INPUT DATA —
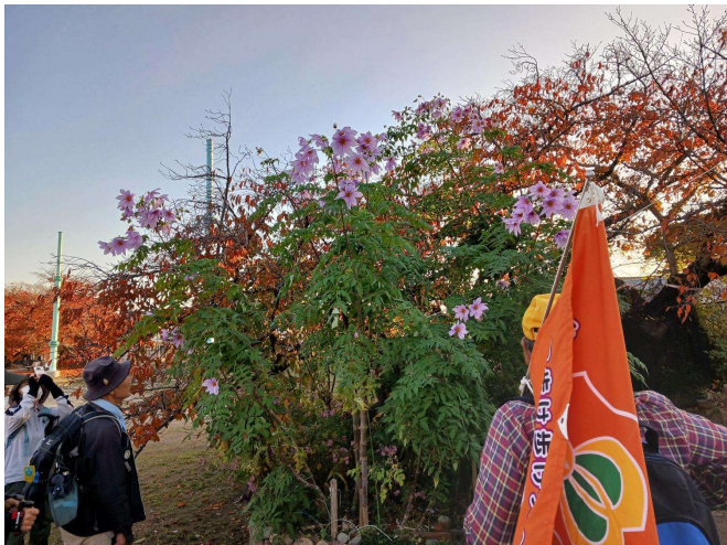
芥川桜堤公園(皇帝ダリア)
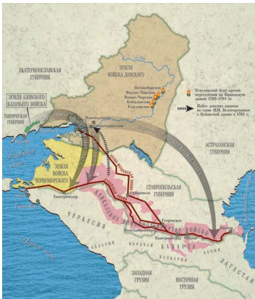
Казачьи войска Юга Российской империи (первая половина – середина XIX в.)
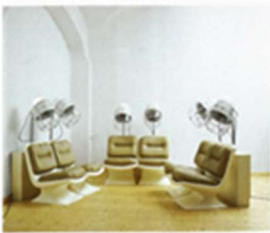
Giovanni Albanese - Shampoo '70, 1999 - Installazione

Maestro: “Mia cara, immaginiamo un avvocato, un letterato, un operaio che visiti per la prima volta una biennale, un museo di arte contemporanea, una galleria ... e vede una stanza con sei poltrone con caschi di parrucchiere per signora, in un'altra grandi cumuli di materiali edili sul pavimento oppure un'enorme teca con un centinaio di palloncini gialli che volteggiano o dieci metri di tela verde distesa tra pavimento e muro e così via, cosa dirà il nostro visitatore? E cosa dirà un vecchio artista come me?”
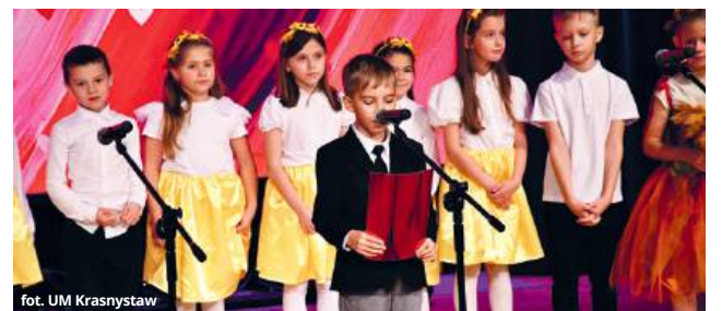
fol. UM Krasnostaw

Na scenie wystąpili uczniowie krasnostawskich szkół w tym Państwowej Szkoły Muzycznej im. Witolda Lutosławskiego. Młodzi artyści zabrali publiczność w barwną podróż przez wspomnienia i wyobraź-
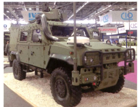
Grossbestellung von Iveco LMV.

Die niederländische Beschaffungsorganisation DMO hat die Beschaffung von bis zu 1275 IVECO Light Multirole Vehicle
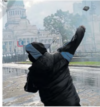
El instante en que arroja un pedrazo H. ZENTENO

La mayoría de los protagonistas de los incidentes se cubrieron la cara: la reconstrucción costará 260 millones de pesos
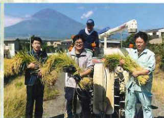
稲刈りをするくら店長と従業員
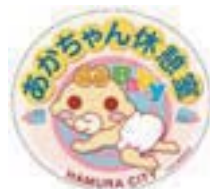
▲あかちゃん休憩室はこのステッカーが目印です

○ビューティークレヨン小作店(小作台5-15-16) ○総合衣料しもだ(羽西2-5-13)
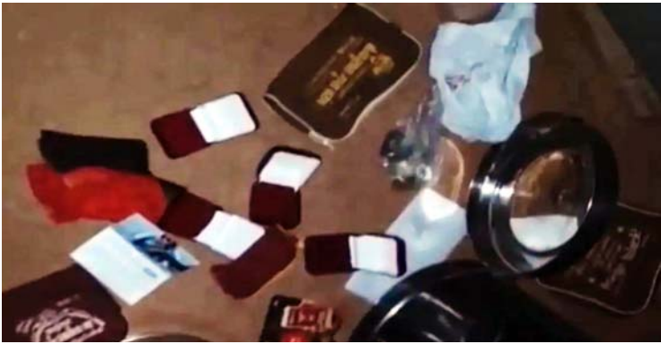
चोरी के बाद घर में बिखरा सामान

पशुपालक को कमरे में बंद कर दी गोली मारने की धमकी, गांव में दहशत
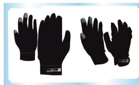
Gambar 5 Desain Akhir dan Produk
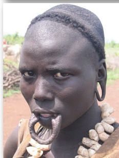
Môi khi lấy đĩa ra
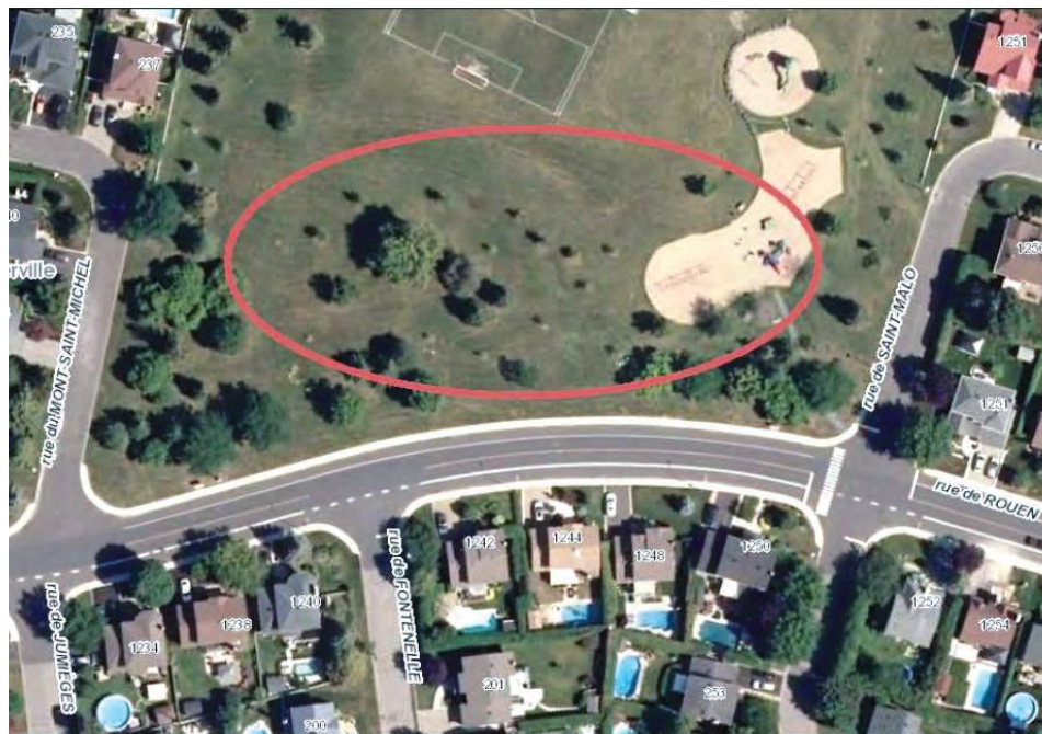
La nouvelle école pourrait être installée dans le parc de Normandie, situé sur la rue De Rouen.
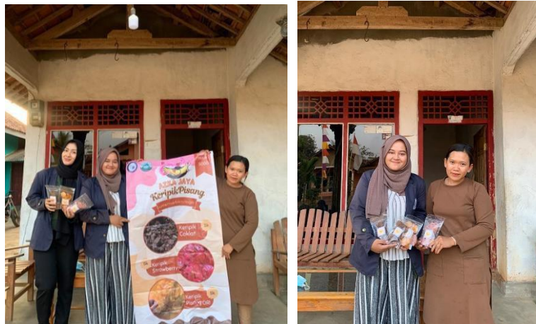
Gambar 24 Penyerahan Banner kepada UMKM Keripik Pisang
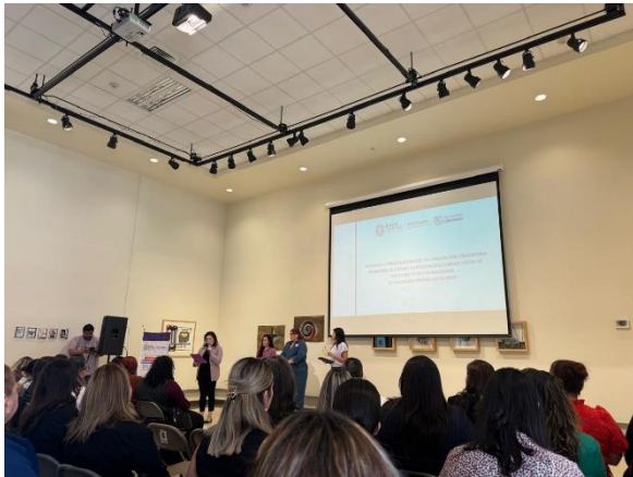
Capacitación Estrategia Género
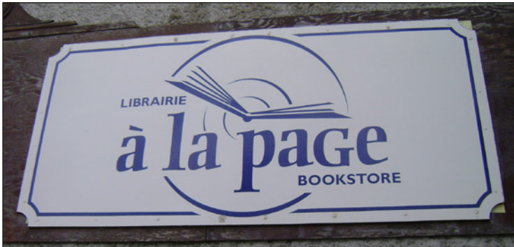
Photo 4 Enseigne de la librairie À la page
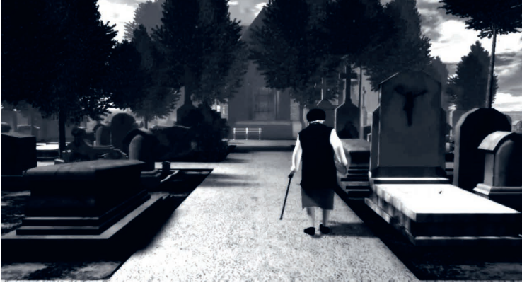
Abb. 4: Gehen in THE GRAVEYARD .

Es geht langsam zu in THE GRAVEYARD . Die Dame geht am Stock. Seitenwege können begangen, aber nicht eingesehen werden, weil unser Blick nur geradeaus gerichtet bleibt – Fluchtpunkt Sitzbank. Der im Game-Zusammenhang so gern verwendete Begriff der „Echtzeit“ erhält hier eine ganz neue Bedeutung; die Bedingungen der alten Dame werden die unseren und werden es doch nicht, weil wir ihr nur auf einem Wege folgen können. Wenige Games führen so deutlich vor Augen, Ohren und Händen, was von Computerspielen (und Interaktion mit Computern) üblicherweise erwartet werden darf, indem diese Erwartungen erfüllt und zugleich gestört werden. Dass dies mit einem Avatar geschieht, deren menschliche Pendant (noch immer) nicht zum Zielpublikum von Firmen wie Activision Blizzard oder Electronic Arts gehören, macht die Frage der Vermittlung, die hier auf mehreren Ebenen ankommt, desto interessanter.
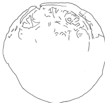
●□1d: Perokresba rubu – spodní ražba s královskou korunou a s částí líčního popisu.

Tato mince představuje kombinaci několika výrobních anomálií, mezi kterými jsou patrné chyby ražební i rytecké, které tvoří dvě základní skupiny chyborážeb mincí. 19 Jako chyby rytecké jsou označovány chyby, které nevznikají z povahy samotného kování, ale z nedostatků při výrobě ražebního kolku. Pro takové chyborážby jsou typická zejména přehozená, vynechaná a nepřidělaná písmena popisu nebo lístice v letopisu. Stejná chyba se teoreticky mohla objevit i na jiných mincích, k jejichž výrobě bylo použito stejné razidlo. Oproti tomu chyby ražební vznikly až na konci výrobního procesu z důvodu nepozornosti přegážky, případně jeho pomocníka. Do této skupiny patří nejen výše uvedené defekty vzniklé opakovanou ražbou na mincovní střížek, ale i různé dvojrázy, excentricky ražené nebo nedoražené mince a ražby inkusní. Každá taková anomálie je v pravém slova smyslu jedinečná, protože lze vyloučit, že by v důsledku výrobního procesu,
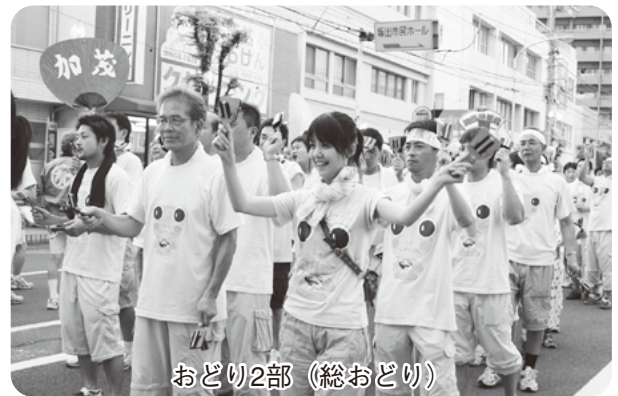
おどり2部 (総おどり)

WHAT YOU WILL DO —
For the entries above, print exactly the lines between the one with "Abb. 4: Gehen in THE GRAVEYARD ." and the one with "částí líčního popisu.", inclusive, with no pictures.

RESPONSE TO THE TASK —
Abb. 4: Gehen in THE GRAVEYARD .

Es geht langsam zu in THE GRAVEYARD . Die Dame geht am Stock. Seitenwege können begangen, aber nicht eingesehen werden, weil unser Blick nur geradeaus gerichtet bleibt – Fluchtpunkt Sitzbank. Der im Game-Zusammenhang so gern verwendete Begriff der „Echtzeit“ erhält hier eine ganz neue Bedeutung; die Bedingungen der alten Dame werden die unseren und werden es doch nicht, weil wir ihr nur auf einem Wege folgen können. Wenige Games führen so deutlich vor Augen, Ohren und Händen, was von Computerspielen (und Interaktion mit Computern) üblicherweise erwartet werden darf, indem diese Erwartungen erfüllt und zugleich gestört werden. Dass dies mit einem Avatar geschieht, deren menschliche Pendant (noch immer) nicht zum Zielpublikum von Firmen wie Activision Blizzard oder Electronic Arts gehören, macht die Frage der Vermittlung, die hier auf mehreren Ebenen ankommt, desto interessanter.
●□1d: Perokresba rubu – spodní ražba s královskou korunou a s částí líčního popisu.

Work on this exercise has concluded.